For a long time, U.S. Engineering has been collaborating with clients and partners to address sustainability in the built environment. When Energize Denver and Regulation 28 were on the horizon, we recognized that we needed to step up our game and internally prepare to help our customers navigate these significant regulatory changes.
U.S. Engineering will take the lessons learned from previous sustainable projects with energy efficiency and electrification features to assist owners in achieving the new energy use and GHG intensity reduction targets for new construction and renovation projects. Together, we will apply advanced technologies and innovative approaches to meet building performance milestones.
In this article, we look closely at the new state building performance standards and explore what they may mean for your organization.
With some exceptions, these new state regulations apply to “Covered Buildings” with a gross floor area of 50,000 sq ft or more, occupied by a single occupant or group of tenants. This regulation does not apply to covered buildings that are storage facilities, stand-alone parking garages, an airplane hanger, a single family home, duplex or triplex. It does not apply to a building in which more than half of the gross floor area is used for manufacturing, industrial, or agricultural purposes.
A “public building” is a covered building owned by the state, a local government, a special district regulated by Title 32, a state or private institution of higher education, a school district, and a charter district defined by Title 22 (Colorado Revised Statutes). Public buildings are subject to benchmarking but not the building performance standards unless they undergo a renovation project with an estimated cost over $500,000 and that impacts at least 25% of the covered building’s gross floor area.
Under-resourced buildings are facilities with limited access to funding, including revenues, grants, or gifts that can assist with complying with the requirements of this regulation. This designation includes buildings owned by organizations that qualify as tax exempt under Section 501(c) of the Internal Review Code.
Owners with buildings over 50,000 sq ft are required to report their previous calendar year’s energy use each year. The first deadline to report 2021 benchmarking data was December 1, 2022, and subsequent years of benchmarking data are due on June 1 the following year. For example, 2022 benchmarking data was due on June 1, 2023. Benchmarking data must be submitted through Energy Star Portfolio Manager. You can find the reported benchmarking data for each building over 50,000 sq ft on the state’s website.

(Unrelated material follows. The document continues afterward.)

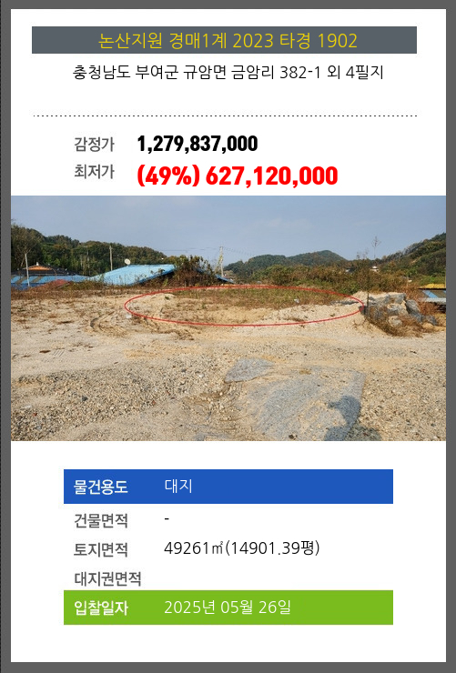 사건번호 2023 타경 1902 본건은 충청남도 부여군 규암면 금암리 382-1 외 4필지소재하는 대지경매 물건의 포스팅입니다. 토지면적 [ 49261㎡ (14901.39평) ] 시세를 반영한 감정가 1,279,837,000에서2회 유찰되어
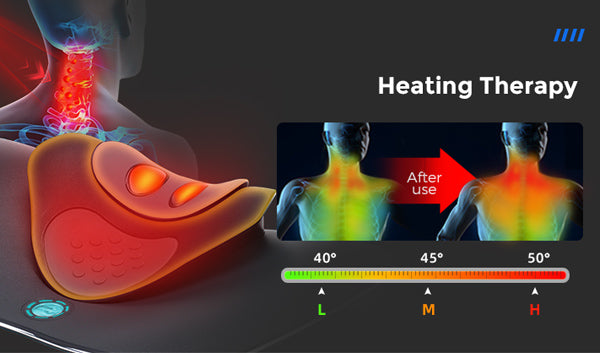 Three adjustable temperature settings(104℉, 113℉, 122℉ (40℃, 45℃, 50℃), apply soothing heat therapy to aching neck muscles, drive away from the cold and dampness of the neck, and provide heat for the muscles. Increase blood flow, relieve soreness, numbness, swelling, pain, and relax the cervical spine.

The new state-established BPS apply to all existing facilities over 50,000 sq ft. According to Colorado’s GHG Pollution Reduction Roadmap, BPS will be one method employed to achieve the state’s goal of reducing GHG emissions 50% by 2030, compared to a 2005 baseline. There are currently four compliance pathways:
The graphic below outlines the four compliance pathways.
Below is a comparison of the 2026 and 2030 EUI and GHG targets for various building types.
Some comments related to these targets:
According to the current rules, penalties will be applied starting January 1, 2024.
A building owner that does not submit a benchmarking report will be subject to a fine up to $500 for a first violation and up to $2,000/year for each subsequent violation. Penalties for benchmarking non-compliance will begin in 2024.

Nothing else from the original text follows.